Hex, Bugs and More Physics | Emre S. Tasci

a blog about physics, computation, computational physics and materials…

Creating Booklets from PDF files

May 29, 2008 Posted by Emre S. Tasci

Some printers have the ability to automatically generate booklets from the sequentially ordered pdf files you send to them. But some (95%) don’t and if your printer is indeed one of the majority, you can definitely benefit from this script which converts your pdf files into booklets. The pages are shrunk to A5 and all you need in order to have your booklet is just to fold the output from the middle. I found this script via Maemst Blog who points at the PDF/PS hacks page of Pro-Linux page and also to Michael Roessler‘s script which I’m quoting as follows:

sururi@dutsm0175 tmp $ cat booklet.sh
#!/bin/bash
#
# call with file.pdf
file=$1
filebase=$(basename $file .pdf)
pdftops $file output.ps
psbook output.ps tmp.ps
pstops "4:0L@.7(21cm,0)+1L@.7(21cm,14.85cm),2R@.7(0,29.7cm)+3R@.7(0,14.85cm)" tmp.ps > ${filebase}-booklet.ps
rm -f output.ps tmp.ps
echo "Converting back to pdf …"
ps2pdf ${filebase}-booklet.ps
rm -f ${filebase}-booklet.ps
sururi@dutsm0175 tmp $

There may be some problems when your path includes spaces (even if you escape them) and the first page may be in the wrong side (and inverted) but these are really minor annoyances compared to what this script achieves.

Usage is pretty simple:

booklet.sh <input_file_name.pdf>

and the output file will be input_file_name-booklet.pdf

 

Btw, this will be the first post under the new category Tools.

The Ghost in the Machine

May 16, 2008 Posted by Emre S. Tasci

Yesterday, during Alain P.’s “From Quantum to Atomistic Simulations” titled presentation, there was an argument over one of his comments on the generation of potentials, particularly the EAM potentials.
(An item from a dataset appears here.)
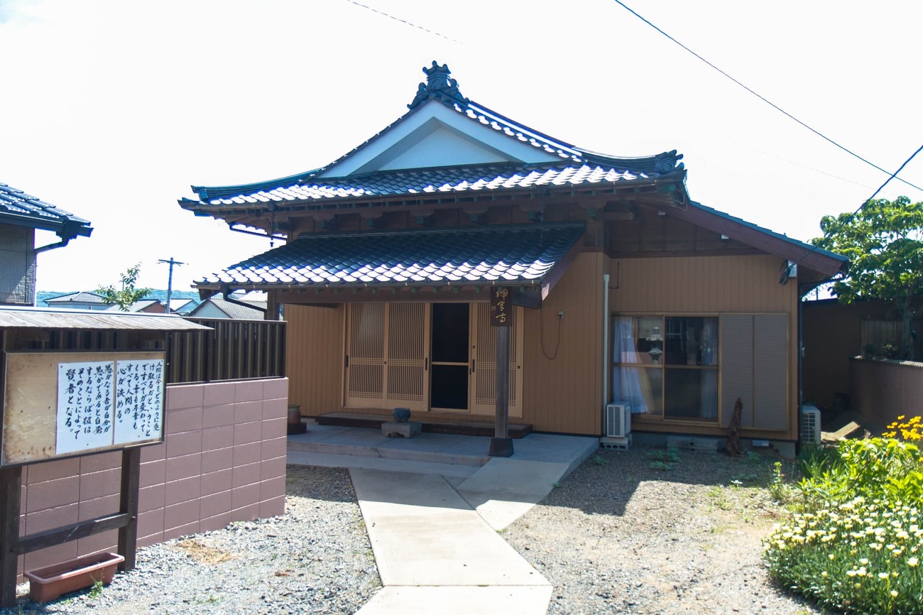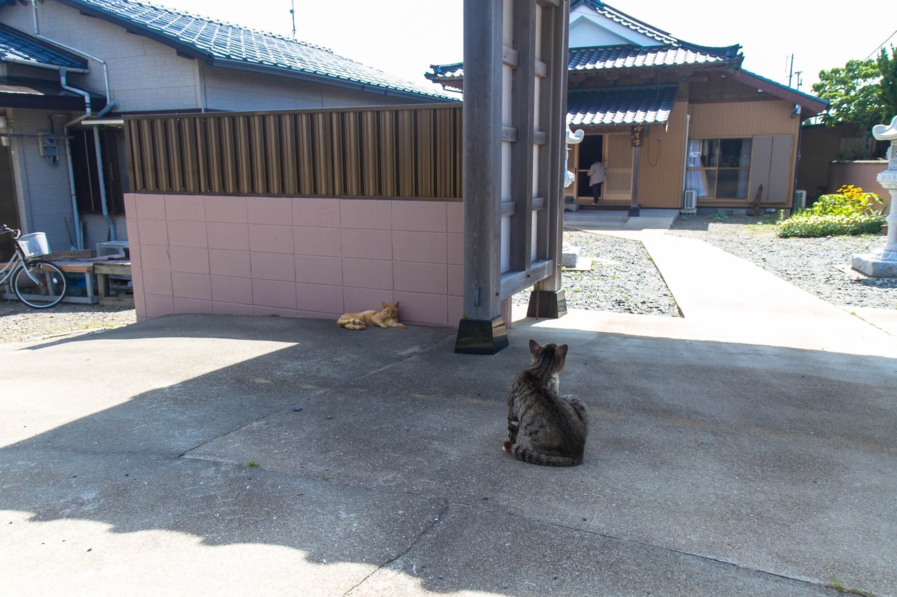「海寶山護念院神宮寺」というお寺の前を通ると、キジトラと茶トラのネコが門番をしていました。何枚か撮らせてもらってから境内へ入ると、本堂は朝鮮通信使の資料館も兼ねていて、本棚に史料がずらり。海の道とともに生きてきた相島の記憶が、お堂の静けさの中に降り積もっているようでした。

He listed “No physical meaning (‘Any function is good as long as it works’)” as one of the specifications (or, more accurately as a freedom) which drew objections from the audience since they -naturally- insisted that when dealing with a physical problem at hand, we ought to keep in mind the physical aspects and reasoning – blindly determining some parameters in order to fit the data is surely not the correct procedure to follow.
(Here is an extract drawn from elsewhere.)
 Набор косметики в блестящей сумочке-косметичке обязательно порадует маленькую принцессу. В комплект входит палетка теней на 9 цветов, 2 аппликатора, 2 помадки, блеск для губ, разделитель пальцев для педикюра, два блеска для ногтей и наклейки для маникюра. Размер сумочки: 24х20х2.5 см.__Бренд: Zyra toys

This reminded me of some debate program we used to have back in Turkey called Siyaset Meydanı (can be translated as “Political Grounds”, maybe?). Most of the time, the participants would defend two opposing but in their own terms, surely agreeable opinions, for both of which you could easily find supporters. But on one of the sessions, they were discussing smoking. You can pretty guess that, nobody would defend smoking and that session was intended to be a “light” session and for that reason, the party in favor of smoking was made of artists and showmen. Now, it is like a sham fight at first because everybody already knows who the winner side is but then, one of the anti-smokers who happens to be a chairman of some anti-x thing, stands up and in minutes she’s like defending the hardest cause of all: smoking kills you, kills your loved ones, kills the children, kills the world… Her attitude triggered those who were initially “in favor of smoking” and they also began actually defending their cause. Since they were composed of popular artists and showmen, meaning they knew how to effectively present the ideas, at the end of the session, a strange triumph was achieved.

Actually, the related part of the anecdote I gave above ends with the debate topic being an already won cause. Definitely, when doing physics, we must keep in mind that we’re doing physics. But..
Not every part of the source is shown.